I also think there may be 2 kinds of notations for slices and such, one beeing 
[i,j] and the other maybe (i,n) where n is the number of items, rather than 
[i,k[ where k is the "post-last" or "past-the-end" index. Reasons to think on 
that path:

* since n is not an index, it avoids all thinking trouble and misinterpretations 
with k as opposed to j; in particular, it avoids the "intuitive conflict" evoked 
above

* n makes sense and is useful by itself (eg think at typical arrays {p,n} or 
slices/views {i,n}, or at algos for copy, compare, traversal, concat, map...)

* when [i,k[ works better than [i,j], most often it's because we have n (k=i+n) 
or need n (n=k-j), thus we avoid +1 or -1; this, rather than any worth of k by 
itself

* other cases where [i,k[ seems to work nicely is "self-feeding" in fact: we 
have & need [i,k[ just because the lang uses that, but the same would be true 
whatever the interval notation (eg the lang returns i,k from a builtin func 
searching something in a seq, and we then use it to get a subseq)

* the only advantage of k by itself, logically, I think, is when scanning a 
non-terminated token (eg a number): we must pass the last item (digit) to know 
the token is finished, thus end up holding i & k, not i & j; however, if we use 
(i,n) notation, it's easy enough to write (i,k-i), so no big deal, just as in 
the opposite case; and this situation is obviously, i guess, a little minority 
of uses of intervals [1]

Anyway, i think only practice of alternatives and talk among non-ideologically 
blinded programmers can tell us what's worth or not.

Denis

[1] However, from a semantic point of view, [i,k[ is problematic even in this 
very case where it seems nicer at first sight, because we don't need to type -1. 
Say we're scanning for a number and there is "1234567" in source:
	<-----> n
	1234567
	i     jk
We get i & k. If the lang uses [i,k[ intervals, then we just write it that way 
to get the right substring, and are pleased not to have to type -1. However, the 
"semantic truth" (if I may say) is that we stopped scanning *after* the last 
digit, and need to slice up to the *previous* character. This is not written in 
s[i,k]; where is the idea "up to the previous position" expressed in this 
notation? "Previous" translates to -1 in arithmetic or programming. For the 
notation to be semantically correct, it should say "-1" somewhere. And this is 
why closed intervals s[i,k-1] are superior, from the semantic perspective, even 
in this case, the very case where half-open intervals superficially look nicer. 
Half-open intervals do not say what they mean, so-to-say, they cheat ;-) (booh!)

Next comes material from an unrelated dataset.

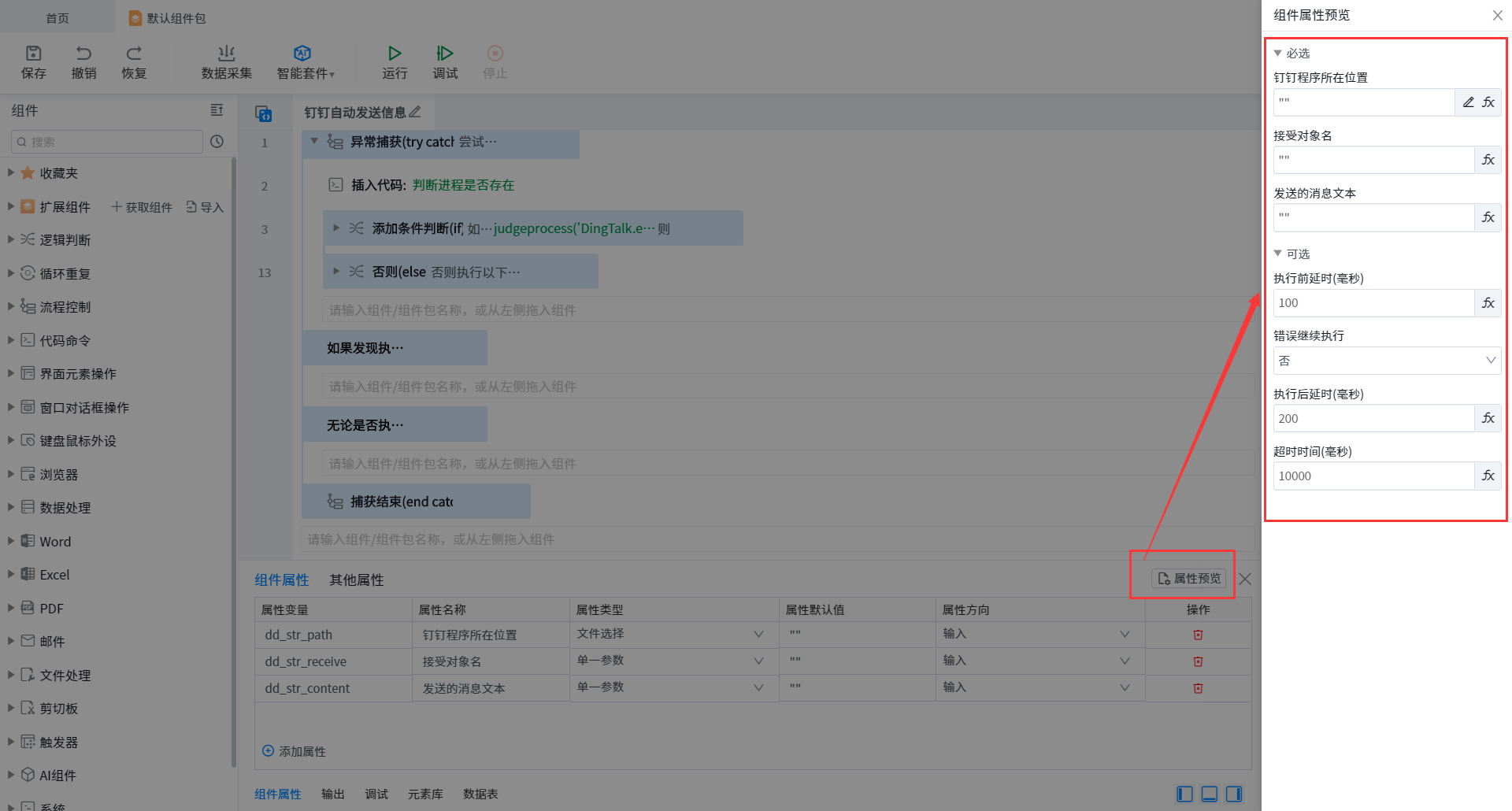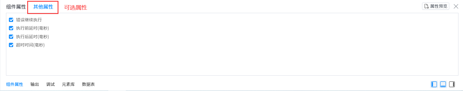 • Property Preview:After adding self built component properties, click & ldquo; Attribute preview & rdquo; View component property settings.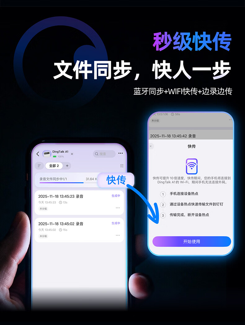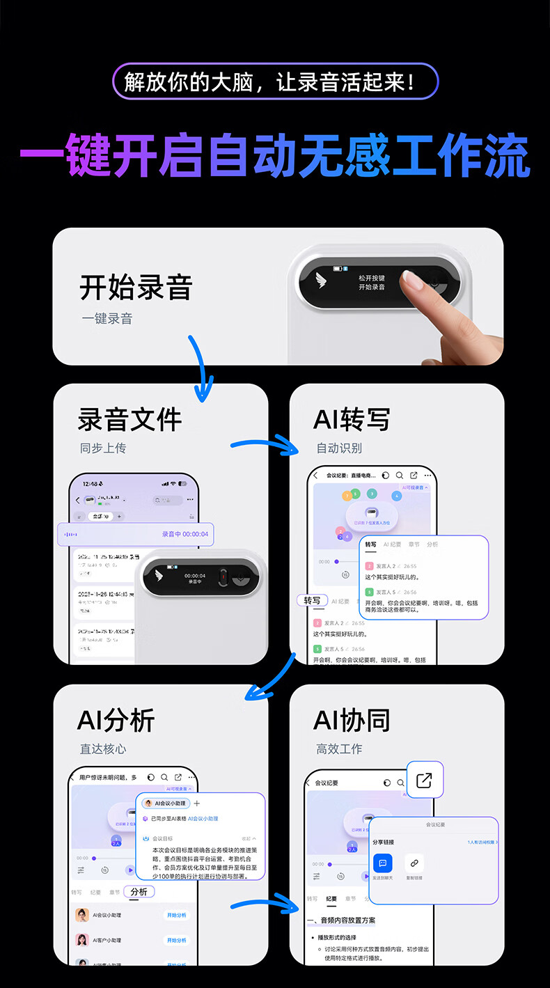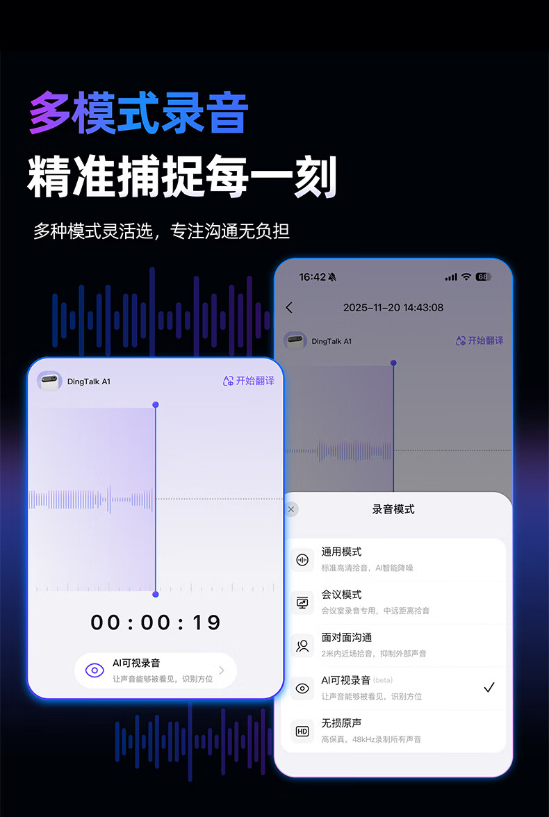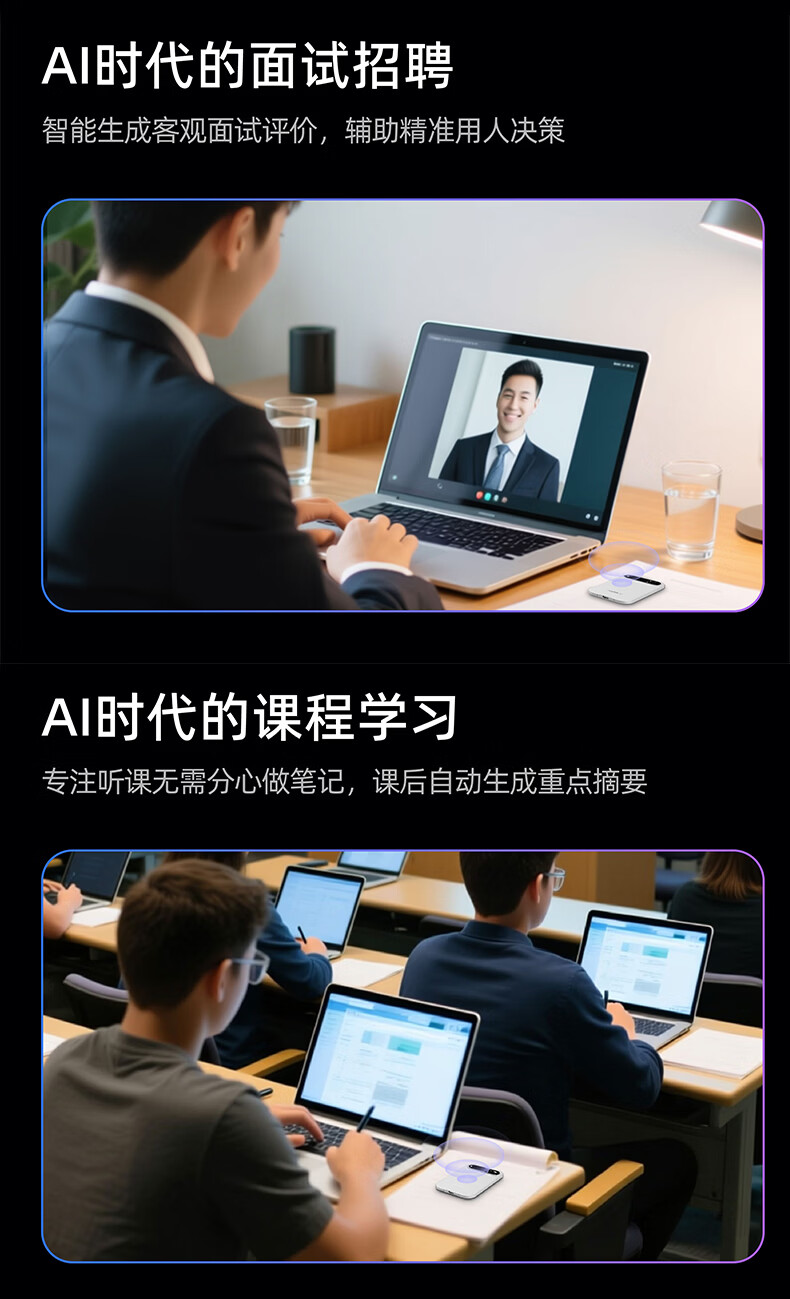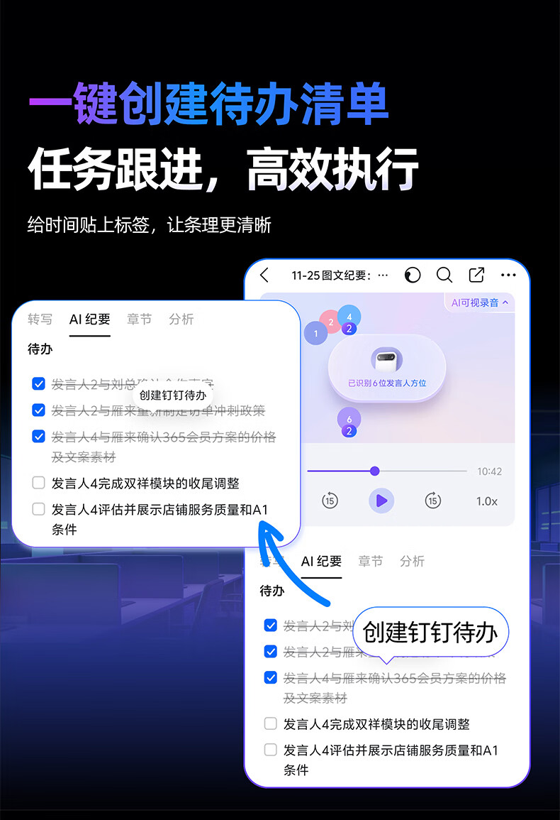 DingTalk Jingcang Sufa DingTalk a1 recorder smart A1 meeting minutes recording card AI analysis summary translation portable large-capacity recorder flagship personal version (Muyehei) includes 1300 minutes of voice rights per month

A related point (semantics, thinking) is that, as far as i know, many 
programmers in langs using [i,k[ just do *not* think it. They just know from exp 
that it just works in most cases (reasons listed above) but do not think, for 
instance in this case along the lines: "all right, we stop after the last digit, 
thus need to slice up to the previous position, thus a half-open interval is 
right here". No, they seem to do it blindly like an automat. I asked other 
programmers about that when I noticed it was true by me (i use it blidly, don't 
know on a given case why/how it works unless I stop and *start* to think). I 
just prefer (to be) a programmer who thinks than a coding machine, but it's just me.